Home care and support services

Private Home Healthcare and Support Services in Ottawa

Consider if our private home healthcare & support services in Ottawa are for you

Prefer to stay at home but need assistance with personal care, light housekeeping and meal preparation

Have limited mobility due to age, illness or injury and need help with daily living tasks

Wish to enhance your government – provided services

We offer:

Nursing services: Private homecare in Ottawa provided by registered or registered practical nurses depending on your needs

Personal support services: Assistance with all aspects of your activities of daily living like toileting, changing, dressing, and feeding

Companion service with a trained worker who will be with you or your family member for your safety and security

Infant care for a new baby or multiple babies at any time

Attendant Assistance with bowel and bladder routines

Home Support Services with light housekeeping, laundry and meal prep

Palliative Care Services

When a cure is not a viable option, palliative and in-home hospice care provides holistic management to control pain and other symptoms. It is an ongoing assessment and relief of those symptoms. Since pain can be physical, spiritual, social and emotional, the hospice team works with existing nurses, physicians, family and hospital personnel to preserve the integrity of a dying person and family.

When is palliative and in-home hospice care the right choice? When a patient’s condition includes malignant or non-malignant diseases that no longer respond to aggressive curative therapy, and the patient’s life expectancy is six months or less.
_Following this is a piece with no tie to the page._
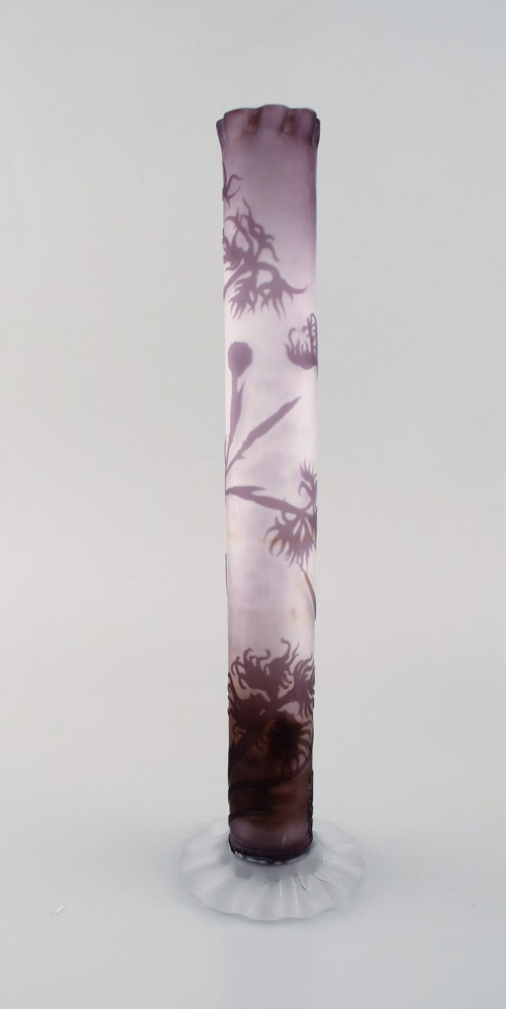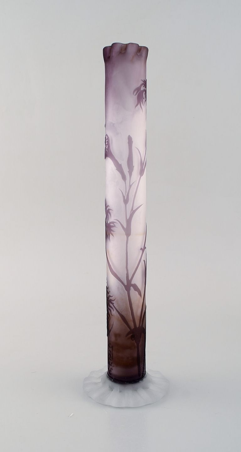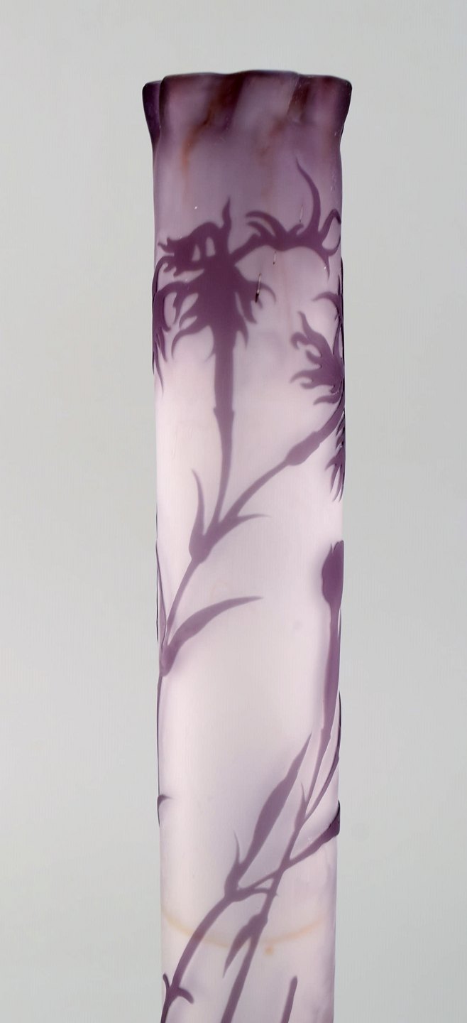 Rare and early Emile Gallé vase in frosted and purple art glass with carved with motifs in the form of flowers and foliage. 1880 / 90's. Measures: 30 x 8 cm. In very good condition. Japanism signature.

What events trigger the decision for palliative and in-home hospice care?

There are a number of events that indicate the time is right for palliative care:

Management of symptoms, such as pain, nausea, vomiting, anorexia, weakness, respiratory distress, bowel obstruction, wounds, etc.

Diminishing results from chemotherapy or radiotherapy

Family concern and fatigue over responsibility for the care of a terminally-ill family member. An upcoming hospital discharge with a need for home care

The Patient and family decision to forego further additional procedures or hospitalizations

When does one begin to consider a “supportive care network”?

You should start thinking about it when the terminally-ill patient is still alert, able to function and enjoy daily living. Be prepared for the inevitable.

When do a palliative patient and family need intensive in-home care services?

The patient wants to be at home to receive home care service. A combination of government home care services and private care can give the client attention on a 24-hour basis.